If anyone can think of an easy way to do it or give me pointers on
where to look, here are the tools I have:
various hand tools
You could definitely do it with a router table and a ogee or roundover
bit, plus a straight bit for the blade mortise (two halves glued
together I assume), but it's safer and not all that much slower to do
the rounding over by hand after it's glued up. Unless you're making
hordes of them, I'd opt for the various hand tools and clean up with
hand sanding. You would have to start by cutting the mortise(s) first
in a larger piece of wood for safety, then rip it off, glue it together
and start rounding it over. Some people might counsel that you do the
rounding over on the router, but if the scabbard is like the ones I'm
thinking of, each half is less than 1/2" thick. You could double-stick
tape that to another piece of something, and run it through the router,
but hand tools are just safer when working with thin flexible pieces.
For rounding over a hollow round plane could be a good start:
You can get them cheaper than that for sure.
Some people would use a draw knife:
or a spoke shave:
I'd probably use a spoke shave for the final cleanup prior to sanding,
but the hollow round will give you more uniform results more easily.
If Steve Knight is reading this, he might want to make a dedicated
Bokken Knight Bubinga plane.
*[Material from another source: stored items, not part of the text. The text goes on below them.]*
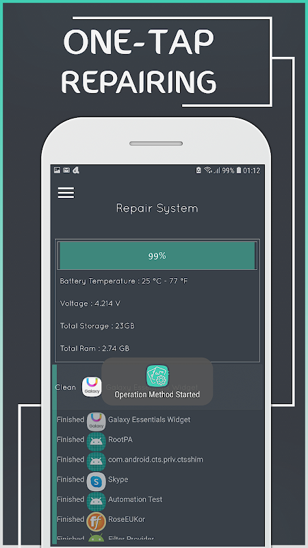 Sistem Pembaikan Untuk Android adalah aplikasi pintar seperti doktor untuk telefon anda, ia menyemak sistem keseluruhan anda dan aplikasi pembetulan pantas untuk membaiki masalah, jadi anda boleh mempunyai sistem yang stabil dan cepat, ia juga membetulkan ralat dan bug menyelesaikan masalah dan ruang yang tidak mencukupi, juga periksa memori RAM anda, imbasan untuk bug dan fail kerosakan, ia akan meningkatkan RAM anda.
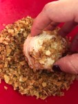 • Take ice cream spheres out of freezer and ⁣⁣place in bowl, firmly patting crumb mixture into the ice cream, until completely coated. ⁣⁣⁣⁣⁣ ⁣⁣⁣⁣
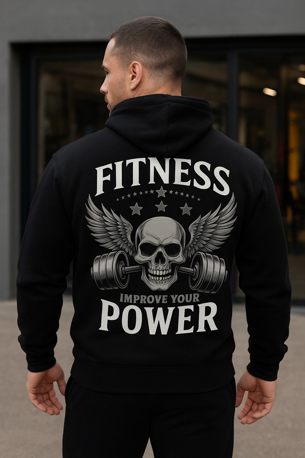 Elevate your workout style with our Men’s Black Fitness Hoodie featuring a bold Skull & Barbell Graphic and “Improve Your Power” slogan. Designed for athletes and gym enthusiasts, this hoodie blends performance, comfort, and durability, making it perfect for training, casual wear, or post-gym recovery.
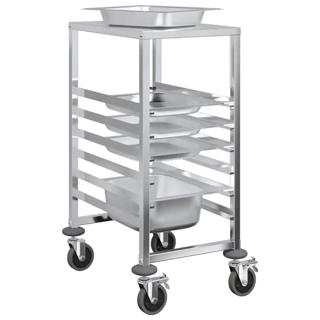 Voziček za pladnje vidaXL 6 GN pladnjev iz nerjavečega jekla 39x55x87 cm

It's got a ring to it, doesn't it? ;)
Does it need to be curved? If not you could remove a lot of the
material with a couple cuts at different blade angles on the table
saw. I'd keep it attached to a wider piece while doing this, finally
cutting it free after all your angle cuts. If it has to be curved you
could do something similar on the band saw. A draw knife would make
short work of getting it nearly smooth, finish up with a little
A long time ago, seems like an entire life ago, I made several bokkens of
white oak when I studied Aikido.
I made a detailed tracing of a friend's, transferred it to an oak 2x4, cut
out the profiles with a bandsaw, then went at them with block plane, similar
Took about a half hour for each to shape them, smoothed the curves by hand
and by feel. The curves are gentle and it wasn't hard to follow them with a
short plane. The cross section is a lot more complicated than an oval with
three flats, and it changes as you move along the blade section. A block
plane was all I had to do such shaping, so I didn't even think it wasn't
possible... so I just did it. No sanding. I still have my first and always
will, and I drag it out now and then to impress the kids.
If I was to do it now, I'd start the same way, trace and cut out on a
bandsaw and then use a drawknife instead of the plane
and finish with a spokeshave
I know you asked about power tools, but using hand tools for this project is
a whole lot more appropriate.
Michael Latcha - at home in Redford, MI
However you decide to shape them, you must - MUST - make sure that the grain
is oriented along the bokken, and best to make sure that it follows the
curve also. One thing that you do not want is to split one during a
parry/block and turn it into a spear.